My wife and I drove down to the Lake Chapala area this last week . We spent a week checking out the area for future retirement. WE LOVED IT.. Not once (on the trip there or on the return) were we confronted or felt out of place - we were treated with utmost respect by all. We meet several expats and shared lunches and drinks, one couple even took us on a guided tour of some of the local sights. We drove over 150 miles around Chapala ,Ajijic,and thru Jocotepec looking at homes and exploring the country side. Some of the Pan Am games were in progress and we drove out to witness the support and cooperation of the various nations to compete in Mexico. We were impressed by the security and control of the area by the Mexican goverment.

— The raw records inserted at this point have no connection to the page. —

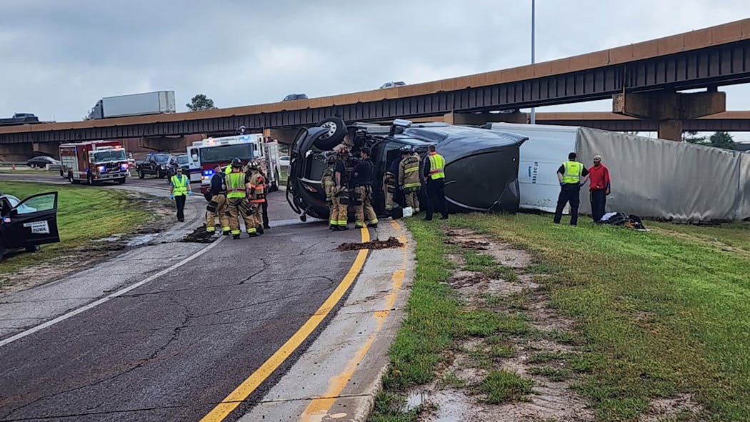 Authorities Respond To Semi Rollover Crash In SW OKC
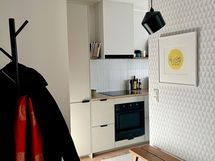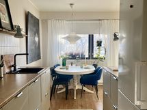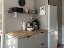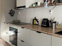 - Laminaattitasot, Integroidut koneet, Induktioliesi, Liesikupu, Jää-pakastinkaappi, Tila ruokapöydälle, Runsaasti työskentelytilaa, Reilusti kaappitilaa, Upotettu allas, Yksiotehana
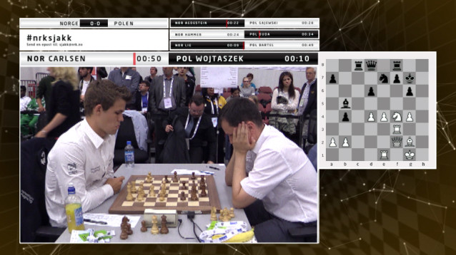 When The Norwegian Broadcasting (NRK) planned the television broadcast of the Chess Olympiad 2014 in Tromsø, Norway, they encountered a challenge: how to mix video, graphics and the results of many ongoing chess games simultaneously, requiring 16 cameras for the games going on at the same time?
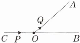1.如图,$\angle AOB = 60^{\circ}$,$C$是$BO$延长线上的一点,$OC = 10\ cm$,动点$P$从点$C$出发沿$CB$以2 cm/s的速度移动,动点$Q$从点$O$出发沿$OA$以1 cm/s的速度移动,如果点$P$,$Q$同时出发,用$t(\text{s})$表示移动的时间,当$t = $ ____________ 时,$\triangle POQ$是等腰三角形.
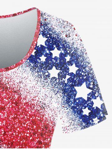 Plus Size Patriotic American Flag Print T-shirt - Blue - L
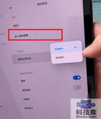 3、在指纹解锁设置界面中,我们可以点击【录入指纹数据】然后录入指纹,在下方的指纹是被方式中可以选择我们常用的指纹解锁方式,可以选择按压和轻触两种指纹解锁方式。
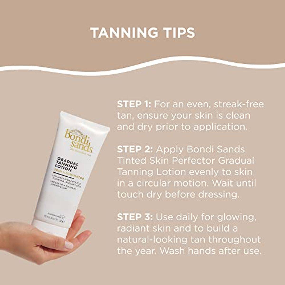 Apply evenly to skin in a circular motion. Wait until touch dry before dressing. Use daily to build tan. Wash hands after use.
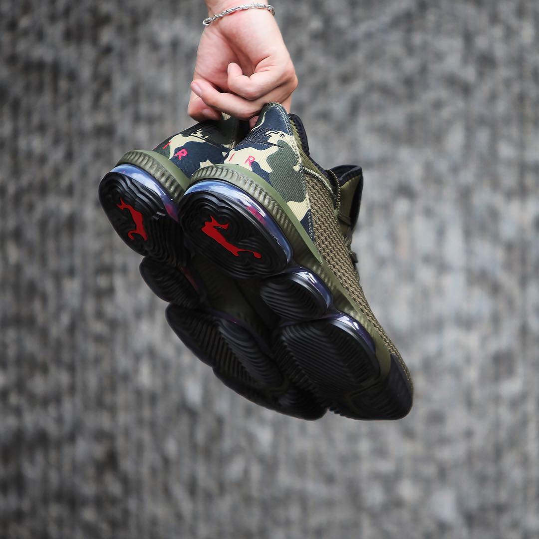 继此前 LeBron 16 Low “Safari” 发售之后,詹皇最新战靴的低帮版本将迎来全新迷彩配色,一起来看看吧! 标志性的一体式鞋身,军绿色织物鞋面辅以黑色点缀,鞋舌提环则以鸳鸯狮头压纹示人。 后跟处辅以迷彩点缀,彰显浓郁的军事气息!中底承袭贯穿足底的 Zoom Max 气垫,脚感依旧澎湃。 这款配色将于近期发售,发售价依旧定为 ¥1299 RMB,感兴趣的小伙伴可以安排起来啦! Pic via:gc911

I wish to thank all the moderators and other people that have been supportive of the expat fourm and the real life travel to and from Mexico. 

























l


----------



## Grizzy (Nov 8, 2010)

Glad you liked it here. I succumbed to the Lake's magic charm about a year ago and made the move to live here in February. Haven't looked back and have never felt unsafe or regretted the move.


----------



## FHBOY (Jun 15, 2010)

DavidD said:


> My wife and I drove down to the Lake Chapala area this last week . We spent a week checking out the area for future retirement. WE LOVED IT.. Not once (on the trip there or on the return) were we confronted or felt out of place - we were treated with utmost respect by all. We meet several expats and shared lunches and drinks, one couple even took us on a guided tour of some of the local sights. We drove over 150 miles around Chapala, ,Ajijic,and thru Jocotepec looking at homes and exploring the country side. Some of the Pan Am games were in progress and we drove out to witness the support and cooperation of the various nations to compete in Mexico. We were impressed by the security and control of the area by the Mexican goverment. I wish to thank all the moderators and other people that have been supportive of the expat fourm and the real life travel to and from Mexico.


_We only spent a dew days there and it was enough for us to decide to retire there. But you can see that from my message header._


----------



## Retired-Veteran (Oct 29, 2011)

Thanks for the information. It is stories like this that make me feel more and more like I am making the right choice.


----------



## DavidD (Jan 6, 2011)

Retired-Veteran said:


> Thanks for the information. It is stories like this that make me feel more and more like I am making the right choice.


My wife would drive back today if possible, but family matters at present will keep us here at least one more year. The laid back life style was a bit of a shock coming from here, and will take some getting used to it. We did enjoy the area and will be back.


----------